Monday, December 03, 2018

'George H.W. Bush wasn't much of a hero to the LGBTQ community during his presidency' & other Mon midday news briefs

George H.W. Bush wasn't much a hero to the LGBTQ community during his presidency.

George H. W. Bush blew GOP’s last chance to abandon anti-LGBTQ extremism - President George H.W. Bush died last weekend and while I said be nice, I didn't say lie about his history in regards to LGBTQ equality. You can be nice and truthful at the same time. He was a good man to many people and his family loved him. But he wasn't as much of a hero as he COULD have been to the LGBTQ community.  

The Media Is Erasing George H.W. Bush’s Catastrophic Harm To LGBTQ People - Michelangelo Signorile breaks it down. 

 The HIV Epidemic Won’t End Until We Address Health Disparities In Communities Of Color - Point blank, amen.

 Anti-LGBTQ pediatrician was called out in 2017 for error-filled post on transgender community - Post from last night. The targets of the anti-LGBTQ industry may change, but the tactics and lies don't. Neither do the condemnations when they are caught lying.
 
Lesbian couple made to quit jobs for being ‘too gay’ - So much mess the LGBTQ community continues to fight against. 
 
 Pope Francis says gay life has become ‘fashionable’ and is hurting the Catholic Church - Really? Don't blame us for fallacies in the Catholic church.

2 comments:

Isobel Tolley said...

You are thoughtful and generous on your comments on George Bush. This is close to how I think a lot of people felt when Mrs Thatcher died, but it was hard to say that without sounding like you were defending her policies.
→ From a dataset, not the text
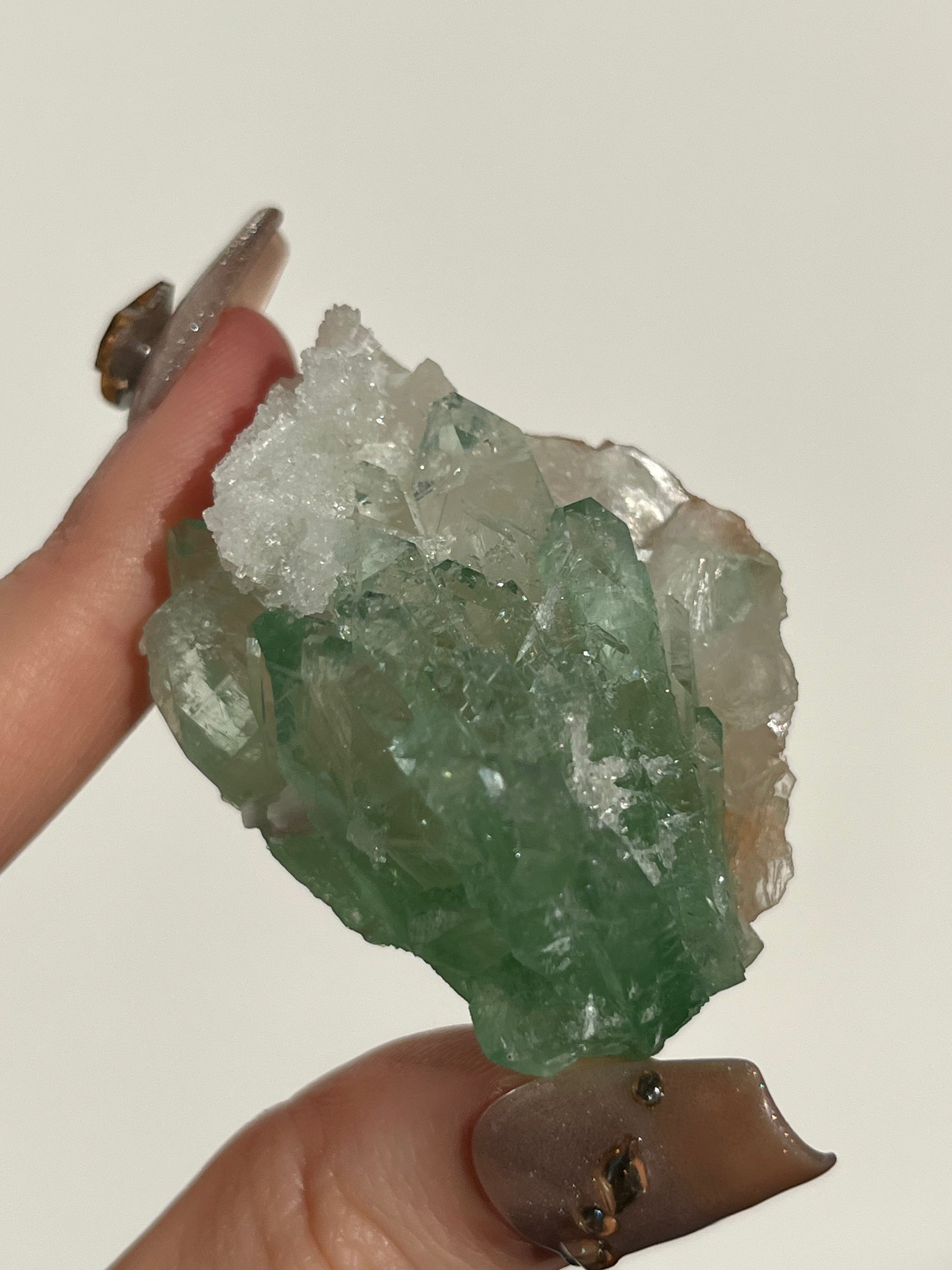 Apophyllite from Jalgaon is world-renowned, and prized for its rare green variation with sharp, natural points. These specimens combine aesthetic beauty with powerful energetic resonance, making them highly sought after among discerning collectors.

The need to divide all politicians into heroes and villains does a lot of harm.

Scott S said...

My take is that while G.H.W. Bush was a man of integrity (unlike 45), he was also conveniently hypocritical.

George H.W. Bush extended Ronald Reagan's legacy of cultural conservatism mostly for political expediency. In fact, the Bushes were open supporters of Planned Parenthood before they made a very sharp right turn to join the Reagan White House. In 1990, when then-PFLAG President Paulette Goodman sent then First Lady Barbara Bush a request for a letter of support. It was done mostly as a courtesy, and its unclear whether Goodman seriously expected a reply, but amazingly, Barbara Bush sent a personal response: "I firmly believe that we cannot tolerate discrimination against any individuals or groups in our country," Mrs. Bush wrote. "Such treatment always brings with it pain and perpetuates intolerance." Somehow the statement found its way to the Associated Press, which then published it. That sent the self-titled religious right into orbit.

The Bushes were also official witnesses at a same-sex wedding in 2013, at a time when the Republican party was still trying to prevent marriage equality from becoming the law of the land.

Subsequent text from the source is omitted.